Data to examine:
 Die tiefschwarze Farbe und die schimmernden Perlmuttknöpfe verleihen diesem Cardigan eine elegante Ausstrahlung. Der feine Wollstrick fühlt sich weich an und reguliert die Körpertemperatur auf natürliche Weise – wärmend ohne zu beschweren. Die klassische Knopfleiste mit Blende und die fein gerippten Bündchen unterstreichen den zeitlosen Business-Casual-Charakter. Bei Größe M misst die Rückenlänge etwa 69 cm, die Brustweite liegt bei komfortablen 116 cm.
* * *
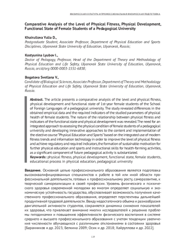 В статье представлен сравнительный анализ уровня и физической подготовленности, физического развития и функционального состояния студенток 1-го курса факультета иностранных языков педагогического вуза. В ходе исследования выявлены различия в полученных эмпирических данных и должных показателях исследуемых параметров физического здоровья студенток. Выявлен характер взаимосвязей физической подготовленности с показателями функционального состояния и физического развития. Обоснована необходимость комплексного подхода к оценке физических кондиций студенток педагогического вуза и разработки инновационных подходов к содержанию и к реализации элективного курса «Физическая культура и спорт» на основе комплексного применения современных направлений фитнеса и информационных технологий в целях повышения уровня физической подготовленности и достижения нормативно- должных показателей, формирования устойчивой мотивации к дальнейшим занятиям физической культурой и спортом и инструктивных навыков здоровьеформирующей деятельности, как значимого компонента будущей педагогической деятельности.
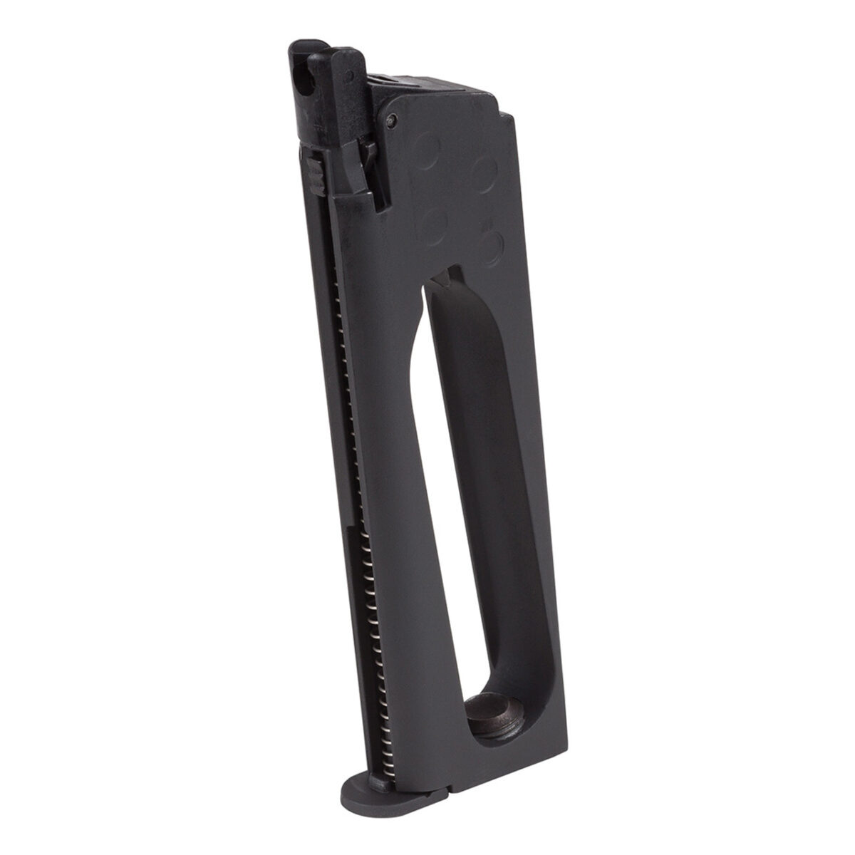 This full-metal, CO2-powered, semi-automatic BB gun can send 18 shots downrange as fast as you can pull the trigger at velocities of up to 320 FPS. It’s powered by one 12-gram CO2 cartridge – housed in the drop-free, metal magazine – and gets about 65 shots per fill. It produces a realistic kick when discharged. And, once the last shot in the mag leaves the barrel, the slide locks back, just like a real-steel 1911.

Task to complete: Write out, word for word, the stretch of entries that begins at the line with "В статье представлен" and ends at the line with "This full-metal, CO2-powered, semi-automatic". Pictures do not belong in it.

Answer for the task:
 В статье представлен сравнительный анализ уровня и физической подготовленности, физического развития и функционального состояния студенток 1-го курса факультета иностранных языков педагогического вуза. В ходе исследования выявлены различия в полученных эмпирических данных и должных показателях исследуемых параметров физического здоровья студенток. Выявлен характер взаимосвязей физической подготовленности с показателями функционального состояния и физического развития. Обоснована необходимость комплексного подхода к оценке физических кондиций студенток педагогического вуза и разработки инновационных подходов к содержанию и к реализации элективного курса «Физическая культура и спорт» на основе комплексного применения современных направлений фитнеса и информационных технологий в целях повышения уровня физической подготовленности и достижения нормативно- должных показателей, формирования устойчивой мотивации к дальнейшим занятиям физической культурой и спортом и инструктивных навыков здоровьеформирующей деятельности, как значимого компонента будущей педагогической деятельности.
 This full-metal, CO2-powered, semi-automatic BB gun can send 18 shots downrange as fast as you can pull the trigger at velocities of up to 320 FPS. It’s powered by one 12-gram CO2 cartridge – housed in the drop-free, metal magazine – and gets about 65 shots per fill. It produces a realistic kick when discharged. And, once the last shot in the mag leaves the barrel, the slide locks back, just like a real-steel 1911.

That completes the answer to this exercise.